‘YALVARMAYI bırakın!’ Avrupa Parlamentosu Yeşiller Grubu’nun geçen ay İstanbul’da yapılan toplantısına katılan bir İtalyan milletvekili söylüyor bunu.
Bazı Türklerin malum tavrı karşısında dayanamıyor İtalyan temsilci. Avrupa Birliği karşısında yalvar yakar oluşumuz zaman zaman öyle bir noktaya geliyor ki, bizi en çok destekleyenlerin bile insanlık onuruna dokunuyor.
Burası Türkiye. Bir tarafta her ne pahasına olursa olsun AB diyenler varsa diğer tarafta da Nuh deyip peygamber demeyen takım var. Türkiye AB’yi bu iki tavrın sahipleri arasındaki tartışma ortamında izliyor. Bir yanda AB’nin her dediğini doğru sayıp tereddütsüz kabul edenler, diğer yanda ise AB projesini Türkiye’yi bölmek isteyenlerin ellerindeki testere olarak görenler.
Etrafınıza bakın. Bu iki yolun dışında bir başka bir seçenek sanki yokmuş gibi konuşup duruyoruz. Televizyon kanalları lehte ve aleyhtekileri karşı karşıya getiriyor. AB konusunu kulaktan dolma bilen, ama ekranı dolduracağına güvenilen ağzı kalabalık kim varsa söz sahibi kılınıyor.
Demokrasiden anladığımız bu mu? Duyduğumuz saçmalıklar karşısında insan bazen Eflatun’u bile hatırlıyor. Ünlü filozofun ‘Devlet’inde akılca ve ruhça zayıf olanlara tartışmayı yasaklamış olmasına hak vereceğimiz geliyor.
* * *
Türklerin kader çizgisinde 21’inci yüzyılın ilk kilometre taşı 17 Aralık’ta konulacak. Avrupa Birliği’ne üyeliğimiz için yıllardır çabalayanlardan biri olarak üyelik müzakerelerinin açılmasına çok sevineceğim. Ancak bu demek değil ki bundan sonra yayılıp oturabiliriz. Asla. AB ile ‘Müzakere’yi yürütürken Türkiye’nin çıkarlarını sonuna kadar nasıl koruyacağız?

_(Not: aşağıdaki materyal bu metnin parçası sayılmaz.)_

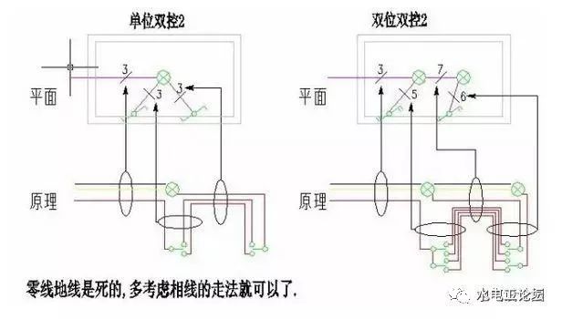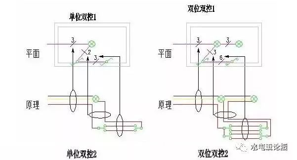 照明导线根数一直是一些电气人比较模糊的地方,比如对于双控开关的控制线路并不是很清楚,今天给大家分享导线根数标注的示意图!还另外整理了导管、线路敷设代号,希望对大家有帮助!

Karşılıklı dengeyi kaybetmeden bunu nasıl yapacağız?
Bunun için AB karşısında ‘üçüncü tavır’a ihtiyacımız var.
AB’nin açtığı fırsat pencerelerinden dışarı bakarken karşımızdaki tehditleri de görebilecek bir tavır. Riskleri gidermek için tedbir öneren bir duruş. AB hedefimize giden yolda üzerinde duracağımız sağlam bir çizgi. Üçüncü tavır budur.
* * *
Ve bir örnek: Çok sayıda Fransız politikacı Türkiye’nin AB üyeliğine karşı tavır alırken biz ne yaptık? Türk kamuoyu önderlerinin Fransa karşısındaki pısırık tavrı hayal kırıcıydı. Fransız devletinin o pek kıymetli şeref madalyasının geri verilmesinin gündeme gelmesine bile katlanamayanlar ‘Aman kızmayalım’ dediler. Hatta ‘Pis kokuyoruz adamlar haklı’ diyen dostlarımız dahi çıktı.
Derin bir nefes alıp herkesi üçüncü tavır üzerinde düşünmeye davet ediyorum.